= Maidenbower (electoral division) =

Maidenbower
Shown within West Sussex
| District: | Crawley |
| UK Parliament Constituency: | Crawley |
| Ceremonial county: | West Sussex |
| Electorate (2009): | 8720 |
County Councillor
Robert Lanzer (Con)

Maidenbower is an electoral division of West Sussex in the United Kingdom, and returns one member to sit on West Sussex County Council.

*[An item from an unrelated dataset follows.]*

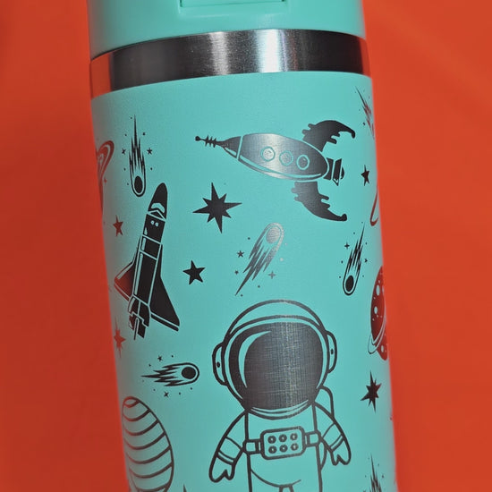 Blast off into hydration with this stellar 12oz laser-engraved space-themed cup. Featuring cosmic astronauts, planets, and stars, this durable cup brings adventure to every sip. Built tough for active kids, it resists chips and fading through dishwasher cycles and daily exploration. Perfect for school lunches, space camp, or imaginative play, this cup lets young astronauts express their love of the cosmos. An ideal gift for kids who dream of the stars.
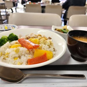 店内は丸や四角のテーブルが並び、ポップな色調で明るく、食堂というよりはカフェテリアみたい。席数は70席ほどで、こぢんまりとしている。

The current County Councillor, is Robert Lanzer who won the seat in a by-election after the resignation of the former Leader of West Sussex County Council Henry Smith upon being elected as Member of Parliament for Crawley.

==Extent==
The division covers the neighbourhoods of Maidenbower and the southern part of Pound Hill, which form part of the urban area of the town of Crawley.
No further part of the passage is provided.